Marching band at the University of Tennessee

The Pride of the Southland Band is the marching band of the University of Tennessee in Knoxville, Tennessee. The band performs at all Tennessee home football games and some away games. The Pride of the Southland is recognized as one of the nation's top collegiate marching bands.

==History==
One of the country's oldest collegiate band programs, the University of Tennessee band was founded in 1869 as part of the Military Department, forerunner to the school's ROTC program. Its instrumentation in 1883 was entirely made up of cornets. The band grew to between 13 and 17 members, and in 1892, it was reorganized under Ernest H. Garratt.
The band wore West Point-style uniforms like the rest of the cadets in the Military Department and had a more varied repertoire of instruments, including a clarinet.

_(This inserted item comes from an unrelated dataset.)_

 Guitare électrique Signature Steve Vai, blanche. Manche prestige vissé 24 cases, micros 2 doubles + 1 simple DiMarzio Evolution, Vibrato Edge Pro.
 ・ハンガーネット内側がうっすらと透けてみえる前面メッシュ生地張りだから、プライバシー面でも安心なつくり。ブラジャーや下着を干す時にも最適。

At the turn of the twentieth century, William A. Knabe was appointed as the first full-time band director. (Garratt had also served as an organist, choirmaster, musical director, and director of the Glee Club.) The band is first documented as playing at a football game in 1902, a game that Tennessee won.

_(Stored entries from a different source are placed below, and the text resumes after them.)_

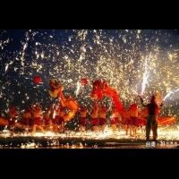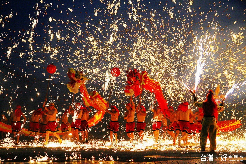 來自大陸重慶的的「銅梁火龍」是自明朝開始推出的民俗技藝,約有600年歷史,擁有「天下第一火龍」的美譽,利用燒熔鐵爐中的生鐵熔化成鐵水,往空中打出熾熱的火花,煙與火的交織,龍在花火與煙霧中飛舞,愈舞愈烈猶如一條狂野的火龍,是一場震撼視覺、充滿奇幻感與爆發力的表演,火龍演出的道具悉數由大陸運至台灣,來自四川的演出成員約四十多人,一場原汁原味的「銅梁火龍」就在南投燈會元宵期間上演。
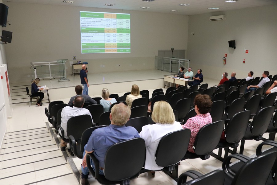 Foram apresentados o Balanço de 2021, DRE (Demonstrativo de Resultado do Exercício), Limite Máximo do Endividamento para 2022 e Fixação dos Valores Globais de Investimento para 2022, sendo todos os itens aprovados pelo Conselho Comunitário.
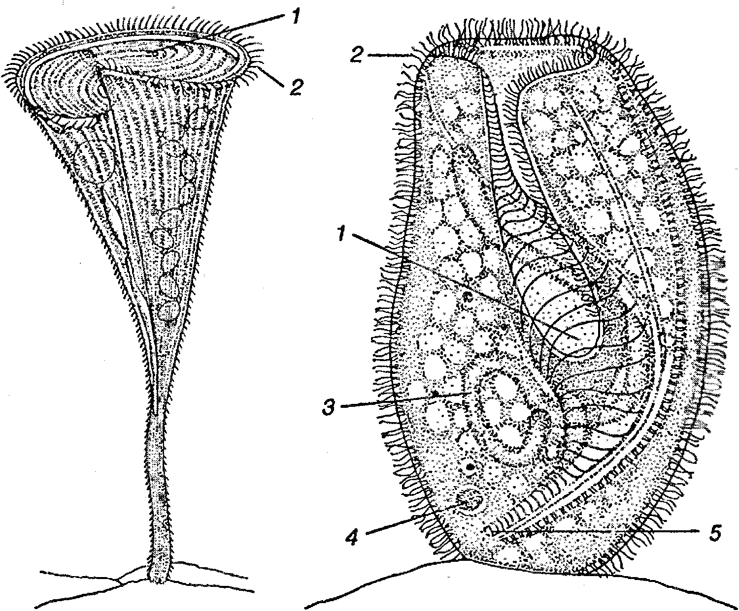 Крупные инфузории трубач (слева) и бурсария (справа) видны невооруженным глазом. Край ротовой воронки (1) трубача покрыт ресничками (2), которые загоняют в ротовое отверстие пищу трубача – бактерии и мелкие водоросли. Бурсария прозрачна, поэтому внутри клетки хорошо видно лентовидное ядро (3) и темные пищевые вакуоли (4), в которых происходит переваривание пищи. Бурсария – хищница, и питается другими инфузориями и жгутиконосцами, которых загоняет в ротовое отверстие (5) движением ресничек.

By 1917, the band had changed to World War I-style uniforms and doubled in size. The band grew along with the military units on campus. By 1935, the band boasted 85 members. It remained all male due to the band’s continued association with the Military Department. In 1937, a female contingent called the "Volettes" began performing with the band. Its membership ranged from 50 to 90.

The 1940s brought women into the band. Two of the first women to play with the band were Martha Carroll, who played the lyre, and Marjorie Abbott, a marimba player. By 1946, women outnumbered the male members of the band, due to World War II and the death of male students. By 1949, the band was once again all male, but retained female majorettes. Major Walter Ryba was properties master for the Army and Air Force ROTC at Knoxville and also for the Army ROTC at the UT-Martin campus.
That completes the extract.